◆ **WHAT YOU HAVE TO DO**
With the pictures left out, write out exactly the lines of the listing below that run from the line with "Манометрическая станция Becool" through the line with "James Harden 2020-21".

◆ **DATA RECORDS**
··········
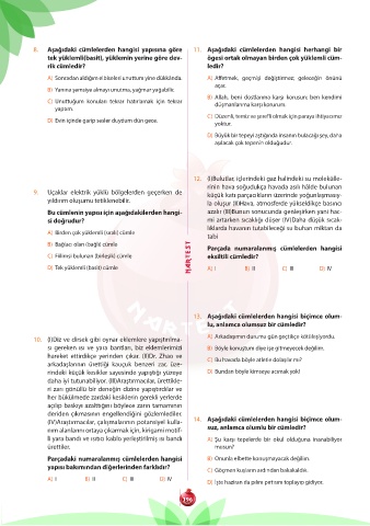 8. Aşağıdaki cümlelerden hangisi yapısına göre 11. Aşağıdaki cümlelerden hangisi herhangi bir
··········
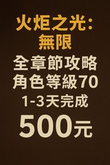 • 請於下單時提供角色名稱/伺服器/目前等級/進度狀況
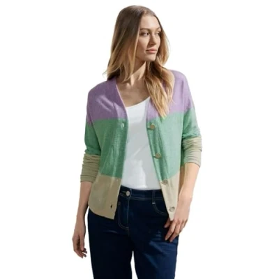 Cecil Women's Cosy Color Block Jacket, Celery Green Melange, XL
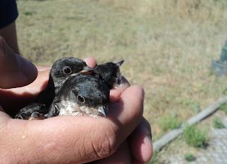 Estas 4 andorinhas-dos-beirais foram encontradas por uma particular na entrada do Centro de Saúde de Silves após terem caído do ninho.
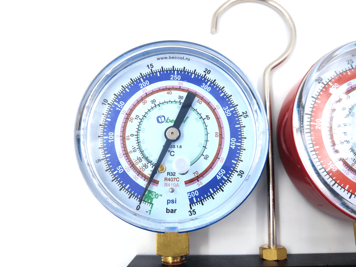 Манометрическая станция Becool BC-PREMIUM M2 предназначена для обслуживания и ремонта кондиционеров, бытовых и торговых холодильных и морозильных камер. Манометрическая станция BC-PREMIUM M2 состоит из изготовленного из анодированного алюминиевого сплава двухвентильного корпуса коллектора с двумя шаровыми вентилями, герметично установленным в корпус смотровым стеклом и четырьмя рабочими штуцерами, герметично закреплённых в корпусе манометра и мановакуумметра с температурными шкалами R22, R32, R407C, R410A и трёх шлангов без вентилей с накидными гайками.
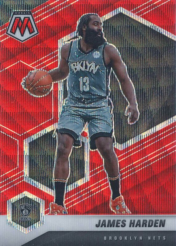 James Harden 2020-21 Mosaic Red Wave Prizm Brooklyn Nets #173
··········
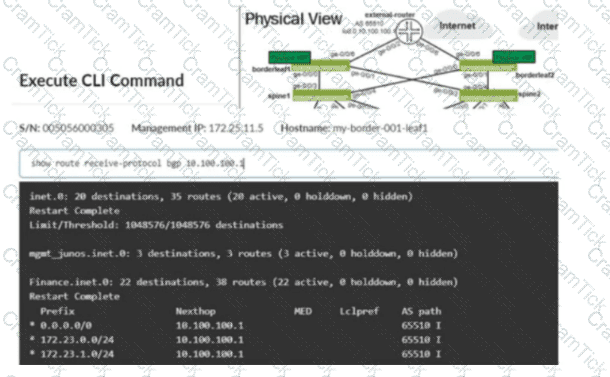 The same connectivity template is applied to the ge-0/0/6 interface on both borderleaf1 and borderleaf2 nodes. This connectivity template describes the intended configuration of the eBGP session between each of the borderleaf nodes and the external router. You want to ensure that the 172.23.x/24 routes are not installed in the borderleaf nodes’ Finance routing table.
··········
◆ **RESULT OF THIS EXERCISE**
 Манометрическая станция Becool BC-PREMIUM M2 предназначена для обслуживания и ремонта кондиционеров, бытовых и торговых холодильных и морозильных камер. Манометрическая станция BC-PREMIUM M2 состоит из изготовленного из анодированного алюминиевого сплава двухвентильного корпуса коллектора с двумя шаровыми вентилями, герметично установленным в корпус смотровым стеклом и четырьмя рабочими штуцерами, герметично закреплённых в корпусе манометра и мановакуумметра с температурными шкалами R22, R32, R407C, R410A и трёх шлангов без вентилей с накидными гайками.
 James Harden 2020-21 Mosaic Red Wave Prizm Brooklyn Nets #173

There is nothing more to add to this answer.